How are features extracted and encoded from a genotype matrix / VCF file?
1
0
Entering edit mode
5.8 years ago
William ★ 5.0k

How are features extracted and encoded from a genotype matrix / VCF file for downstream statistical purposes?

Are genotypes encoded as

HOM_REF   = 0
HET       = 1
HOM_ALT   = 2


This preserved a measure of distance between the genotypes (distance is 1 between HET and HOM_REF and HOM_ALT).

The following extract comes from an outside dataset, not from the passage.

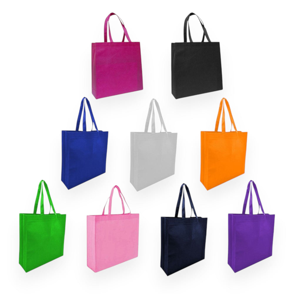 Made of recyclable non-woven material with an extra-large capacity and long handles. This is great for storing all the day's essentials for when you need them. It's perfect for handing out at the next tradeshow or conference. Extend the reach of your brand today!
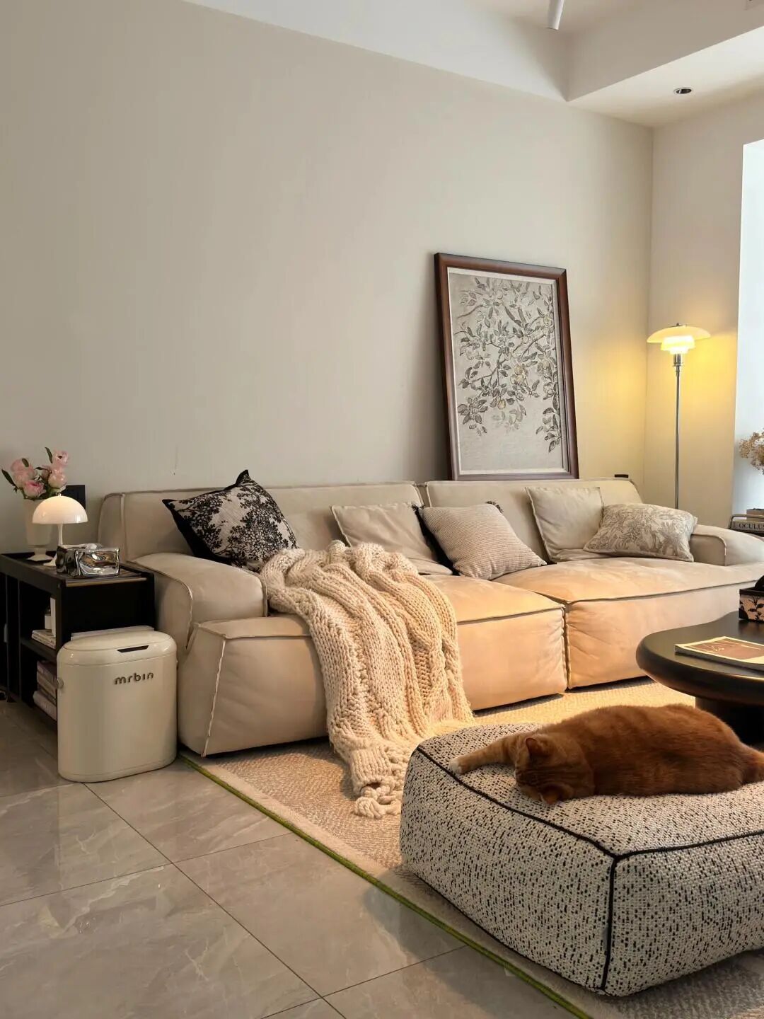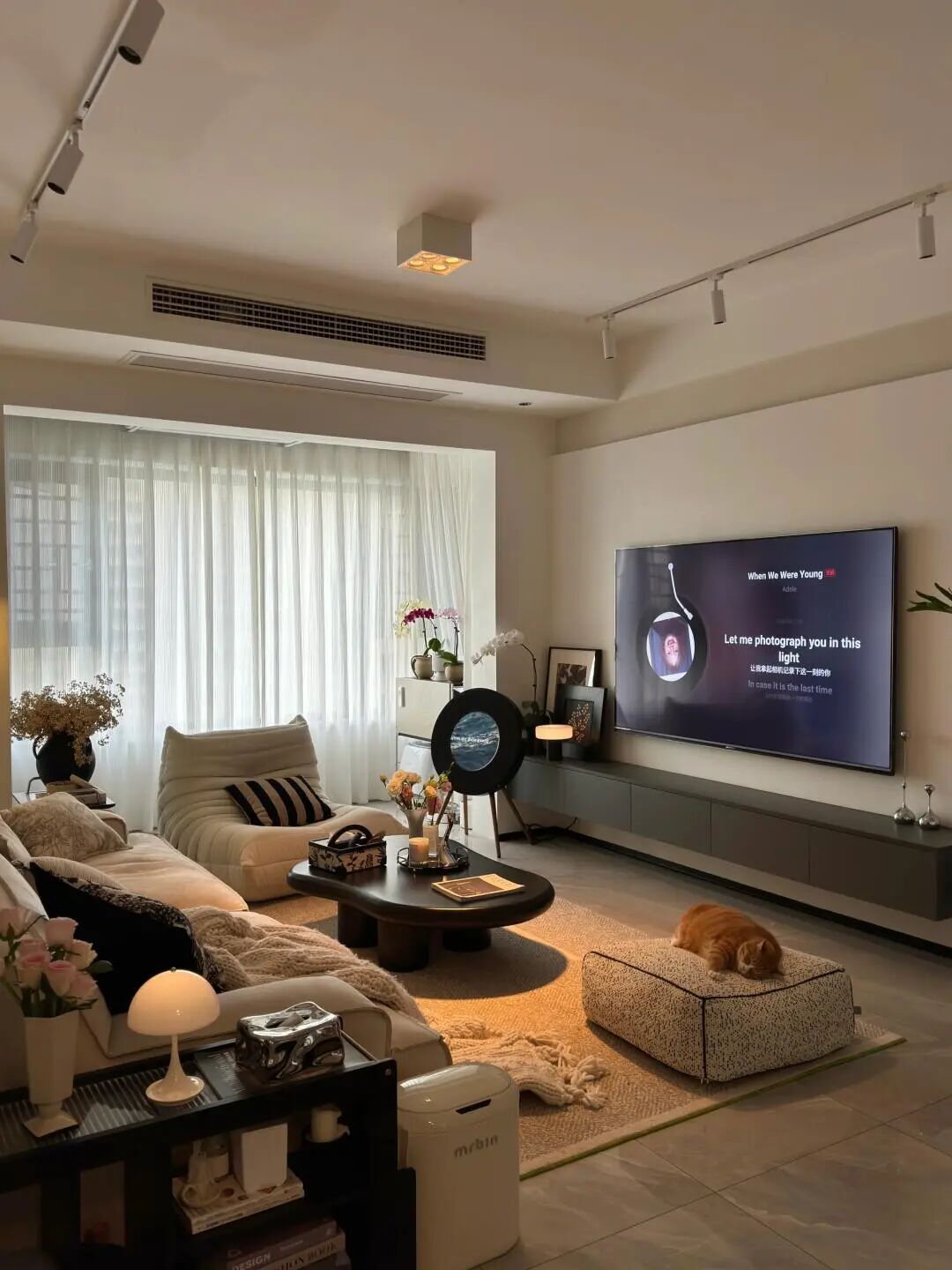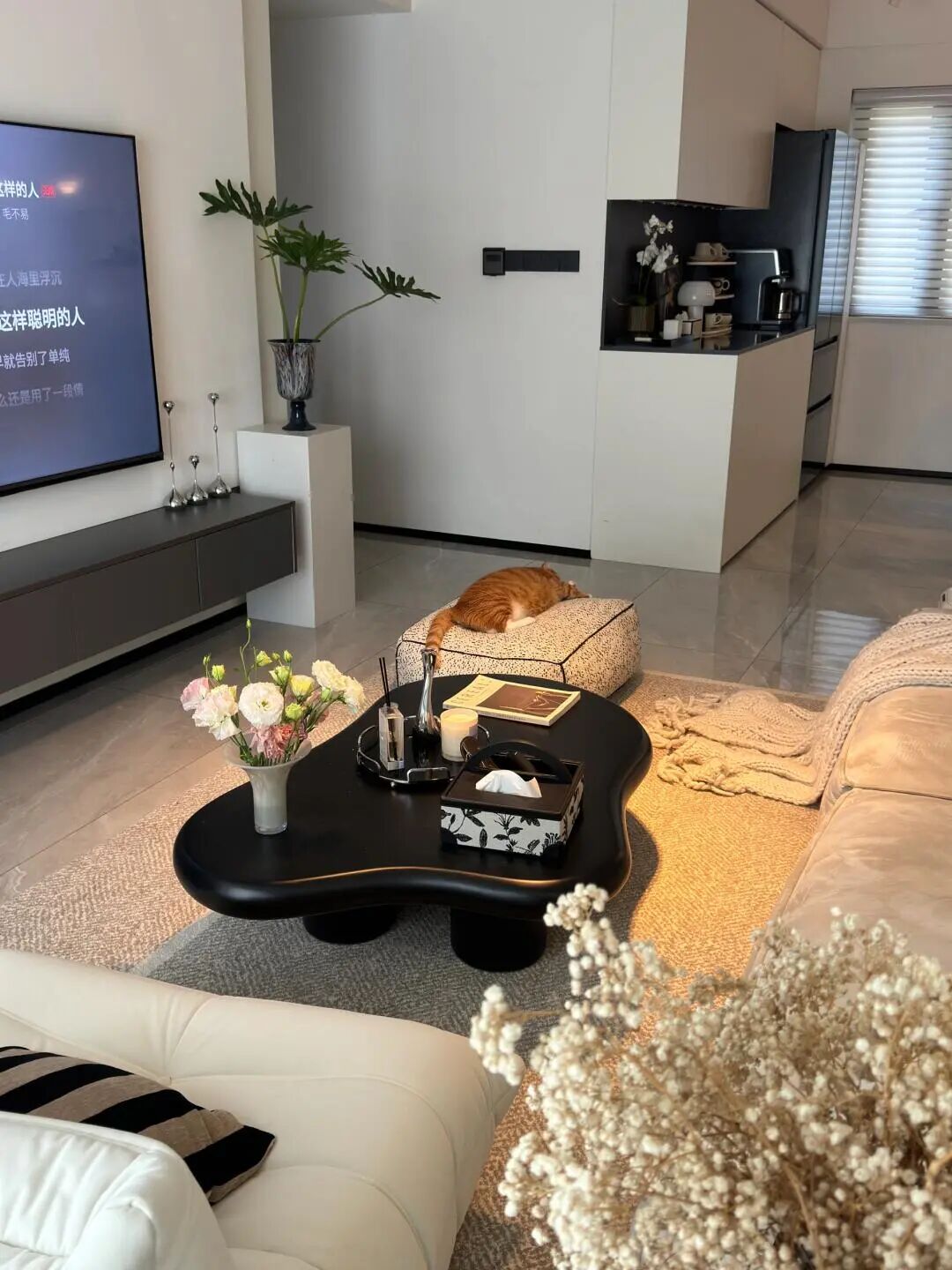 通过柔软的家具、暖光照明和宠物互动的场景,打造出舒适、治愈的居家氛围,弱化了设计的刻意感,更强调生活的松弛感。

But wat is done with missing genotypes or are they set to -1 or -99 or something?

Or is one hot encoding used per variant to encode the 4 possible genotypes?

MISSING   = [1000]
HOM_REF   = [0100]
HET       = [0010]
HOM_ALT   = [0001]


This loses the measure of distance between the genotypes but includes the missing genotype.

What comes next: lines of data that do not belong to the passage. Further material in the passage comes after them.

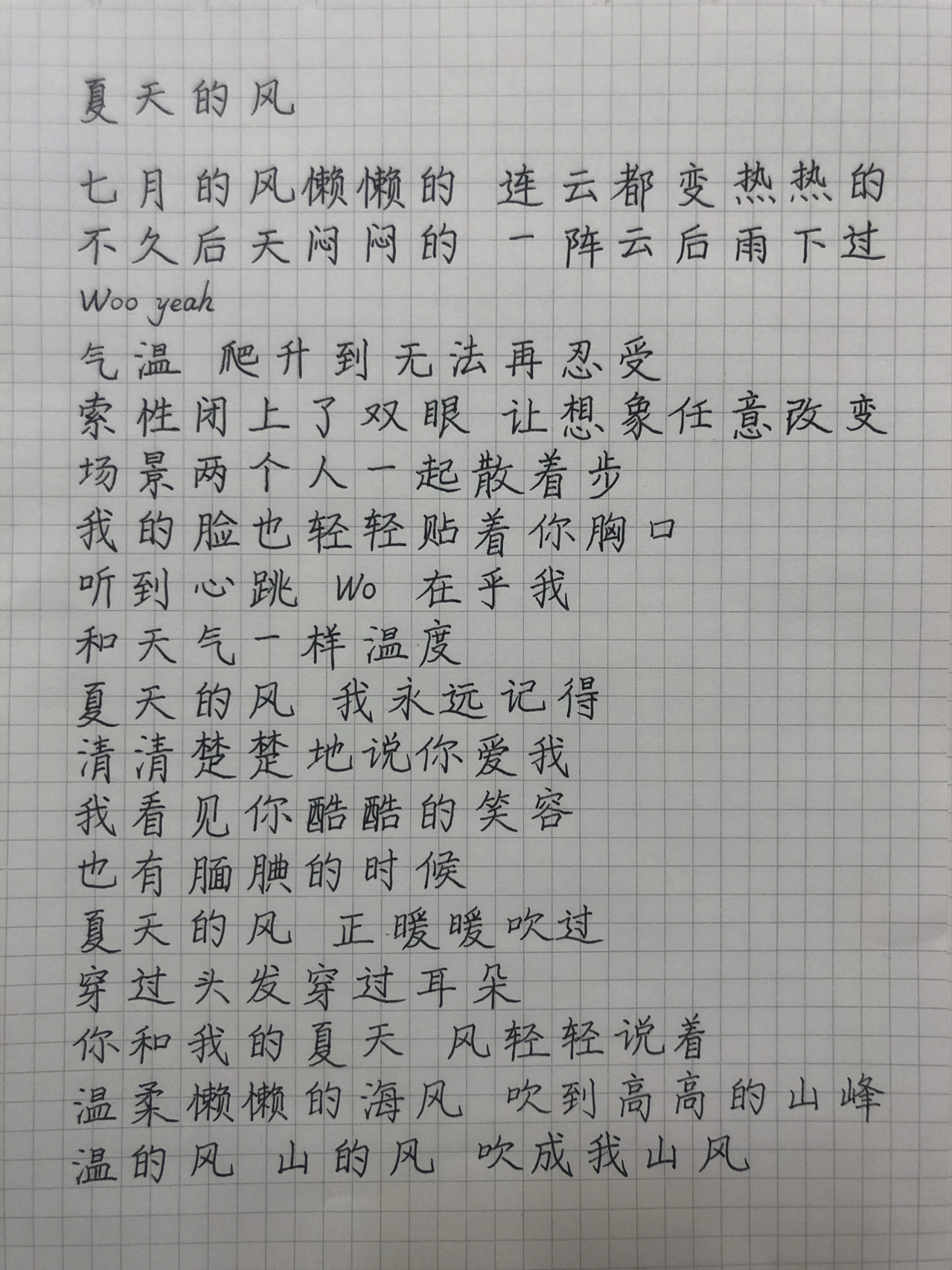 夏天的风歌词图片
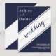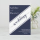 Este elegante convite de casamento azul marinho é perfeito para um casamento moderno. o simples design apresenta uma caligrafia branca elegante num fundo azul.
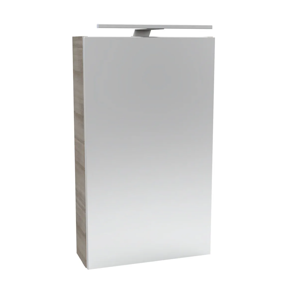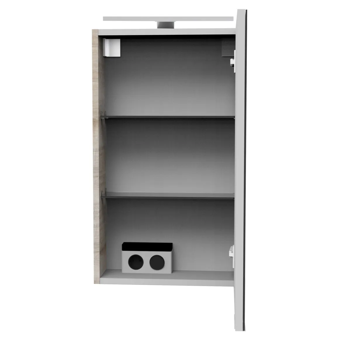 - Graueiche Korpusfarbe mit einseitig verspiegelter Front
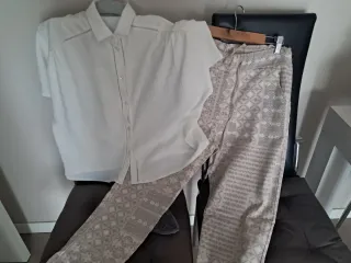 Camisa blanca de manga corta con cuello mao y pantalon . Talla M -uniforme para enfermeria o otros servicios - Diseño liso y elegante. - Cierre de cremallera en el cuello. - Tejido ligero y fluido.
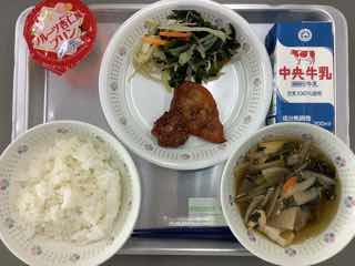 今日のメニューは、豚肉のごまみそ焼き、ワカメと野菜の和え物、のっぺい汁、フルーツ杏仁です。豚肉のごまみそ焼きは、一枚の肉が大きくて見ただけで嬉しくなります。食べて、その美味しさに、またまた嬉しくなりました。今週は、根菜がたくさん入った汁がでるので、いろいろな野菜が食べられます。
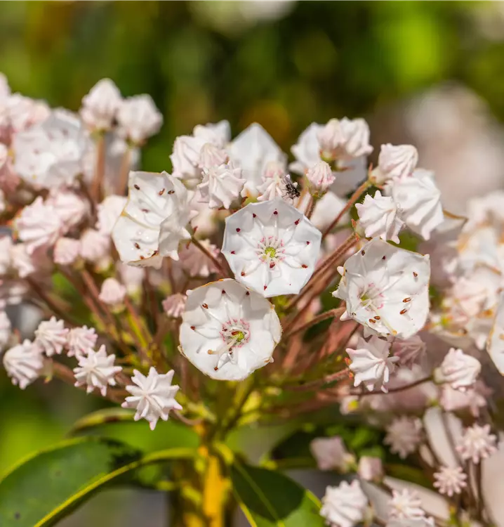 Die hellrosafarbenen, schalenförmigen Blüten des Weißblühenden Berglorbeer 'Elf' erscheinen in Doldentrauben von Mai bis Juni.

Is the 0,1,2 or the one hot encoded matrix then converted to a sparse matrix to save disk/memory storage and computation cost?

ie. Only storing the HET and HOM_ALT genotypes as (index, value) tuples, assuming the rest is HOM_REF. This can save 90% of the disk and memory storage.

In the case of the 0,1,2 encoded matrix a sparse matrix would be problematic because you can't differentiate between MISSING and HOM_REF?

vcf statistics feature extraction • 1.7k views
0
Entering edit mode
3 months ago
P ▴ 10

Hi, Did you ever have an answer for this issue? I am trying to do something similar. Thanks!